フレネルゾーン開口によるレンズレスライトフィールドカメラ技術

講演者
中村 悠介 (株式会社日立製作所)
講演概要
従来のレンズレスカメラ技術は、撮影画像の現像処理に重い計算が必要であった。そこで我々は、外側ほど間隔が狭くなるFZA(Fresnel Zone Aperture)を画像センサー直前に配置する構成により、従来比1/300の低演算負荷かつ撮影後の容易なピント調整を可能とするレンズレスライトフィールドカメラ技術を開発した。本講演では、撮影原理とノイズ低減方法、ならびにプロトタイプでの撮影結果について紹介する。

我が国の光産業の最新動向と今後の展望

講演者
小林 直人 (早稲田大学)
講演概要
我が国における光産業は2007年度に国内生産額が10兆円程度であったが、その後のリーマンショック、東日本大震災等を経て、現在9兆円弱の産業規模に留まっている。本講演では主要光産業(光情報通信、光情報記録、光入出力、ディスプレイ・固体照明、太陽光発電、レーザ加工、センシング・計測)の近年の動向および今後の展望について光産業技術振興協会の光産業動向調査を基に概説し、併せて世界の光産業動向についても言及する。

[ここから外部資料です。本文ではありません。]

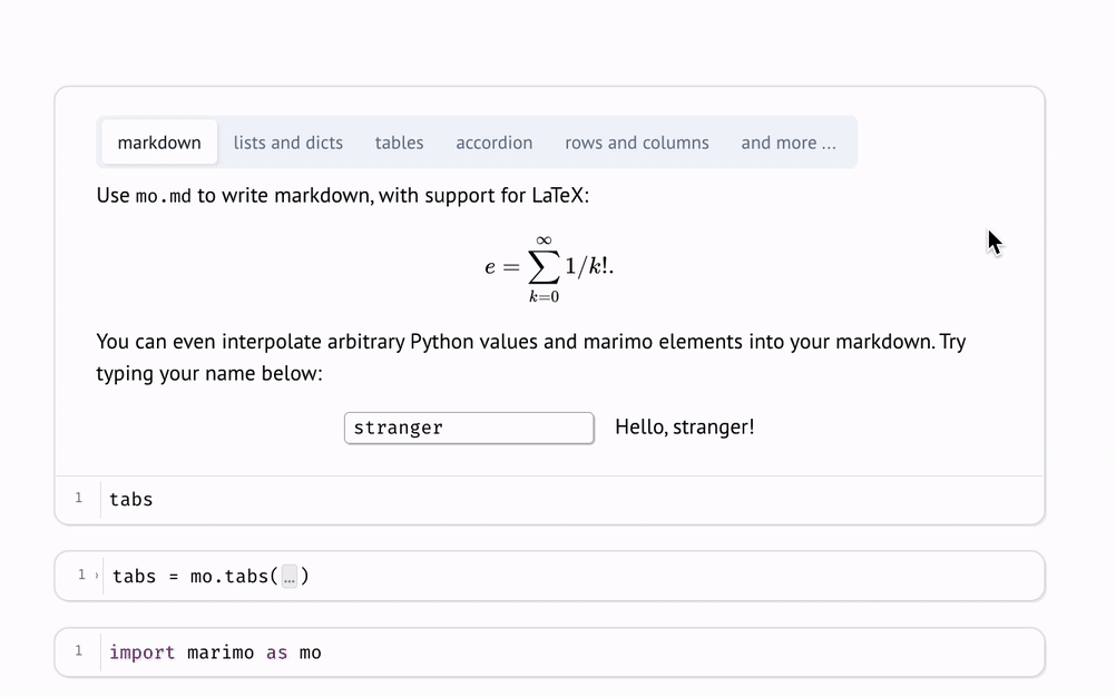 The marimo library also comes with elements for laying out outputs, including

再生医療実現に向けたiPS細胞培養の画像評価による品質管理技術

講演者
清田 泰次郎 (株式会社ニコン)
講演概要
京都大学 山中教授により発明されたiPS細胞は、従来の生物学研究を更に発展させる画期的なものであり、かつその応用用途も広い。治療方法がなかった難病に対しても細胞を治療とする再生医療もその一つである。我々は、再生医療の細胞製造で用いるライブセルイメージングと画像解析技術を組み合わせた細胞の品質評価技術を開発した。本講演では、ライブセルイメージングと画像解析の原理を開設したのち、実際のiPS細胞品質技術の応用事例の紹介を行う。

内視鏡結像・照明光学系の現状と今後

講演者
進士 翔 (オリンパス株式会社)
講演概要
人をできるだけ傷付けずに体内の様子を見たいという医学的な要求に応えるために、内視鏡は開発され発展してきた。外部から光が届かない空間を観察するため、また観察対象である生体組織の特徴から、照明光学系と結像光学系のそれぞれに内視鏡特有の技術開発がされてきた。現在、内視鏡には様々な種類があり、検査・診断・治療といった幅広い領域で使用されていが、本講演では、その中から、消化器に用いられる医療用ビデオ内視鏡の光学技術を中心に紹介し、また最新技術についても紹介する。

画像認識研究の現状と行動分析への応用

講演者
加藤 典司 (富士ゼロックス株式会社)
講演概要
深い階層構造を持つニューラルネットであるDeep Neural Networkの登場により、近年の画像認識の性能は著しく向上し、写真中の物体認識など一部のタスクでは人間を凌駕するものも現れている。これを受け、画像認識は基礎研究の段階から実応用の段階に入っている。本公演では、近年の画像認識の研究動向や応用事例について紹介し、さらに、今後の方向性として動画像による人物行動認識の可能性を議論する。